Reproduce the material below line by line, beginning with its first line and ending with the line that contains "Рис. 1. Схема"; leave out pictures.

LISTED ENTRIES =>
□ □ □

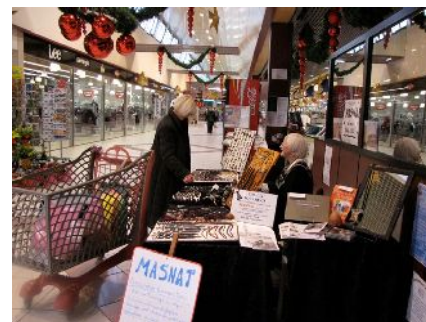
Au centre commercial d'Intermarché à l'Aigle
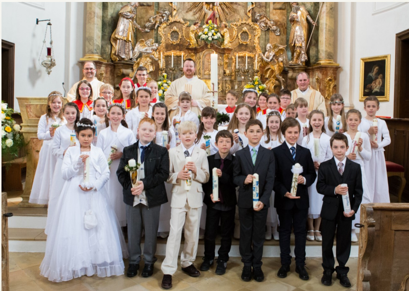
Kommunionkinder am 3. April in Bergkirchen

Wunder von Heilung und Rettung, aus tückischer Krankheit, aus zerbrochener Beziehung, aus Krieg und Gefangenschaft.
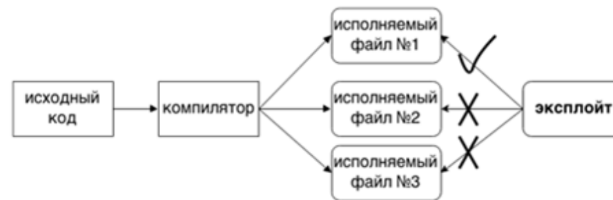
Рис. 1. Схема атаки на диверсифицированную популяцию исполняемых файлов.

В современном мире большое количество программного обеспечения распространяется через магазины приложений различных платформ (Apple's App Store, Android Marketplace, Windows Market). В такой схеме распространения без труда можно осуществить автоматическую генерацию уникальной копии бинарного кода приложения по запросу пользователя. Злоумышленник, загрузив из магазина приложения одну из копий бинарного пакета, создаст для своей версии приложения эксплоит. При попытке атаки другие копии данного приложения не будут скомпрометированы этим эксплойтом (рис. 1).
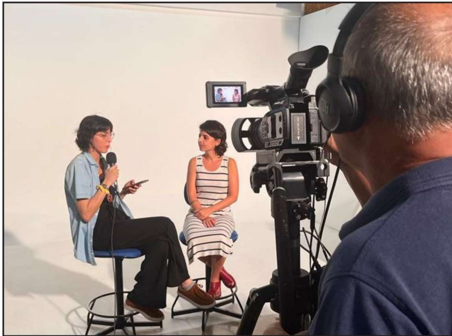
Neste domingo (7 de abril), Dia Nacional da e do Jornalista, saudamos a trajetória de luta

Por fim, entre as nossas prioridades, está a sustentabilidade da produção jornalística. Frente ao enfraquecimento do jornalismo, que a cada ano torna-se mais insustentável, a categoria
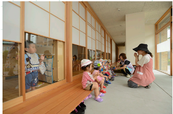
園児の活動に寄り添った玄関土間（木もれ陽保育園）
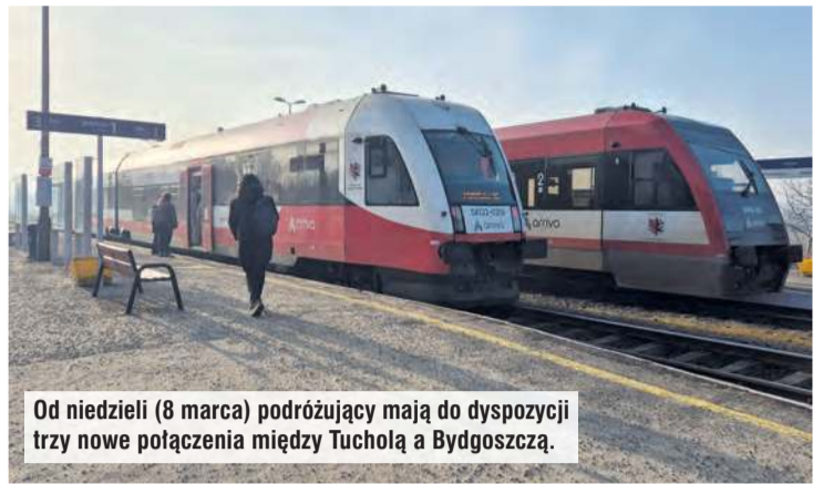
Od niedzieli (8 marca) podróżujący mają do dyspozycji trzy nowe połączenia między Tucholą a Bydgoszczą.
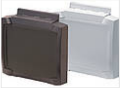
Передняя крышка на шарнирах с поверхностью для плёночной клавиатуры 20201535 BCD 200 OT-FSC-7035 Светло-серый 20201524 BCD 200 OT-FSC-7024 графитовый серый
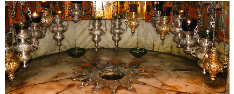
Dans la grotte sous la basilique de la Nativité à Bethléem, l'étoile indiquant le lieu où Jésus serait né.

Anne MAILLARD, Dimanche et fêtes chrétiennes. Histoire de leurs origines, Poliez-le-Grand : Éditions du Moulin, 1999.
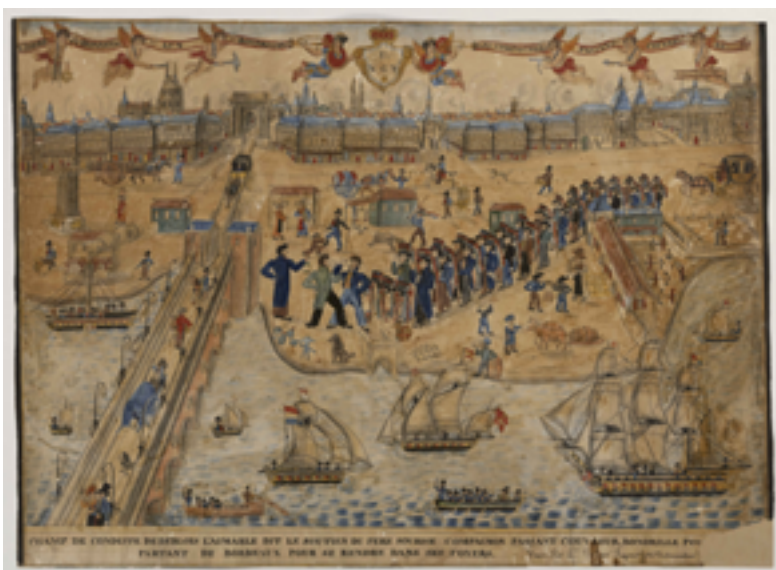
Champ de conduite de Étienne LECLAIR, dit Blois l'Aimable

□ □ □

WRITTEN SOLUTION =>
Au centre commercial d'Intermarché à l'Aigle
Kommunionkinder am 3. April in Bergkirchen

Wunder von Heilung und Rettung, aus tückischer Krankheit, aus zerbrochener Beziehung, aus Krieg und Gefangenschaft.
Рис. 1. Схема атаки на диверсифицированную популяцию исполняемых файлов.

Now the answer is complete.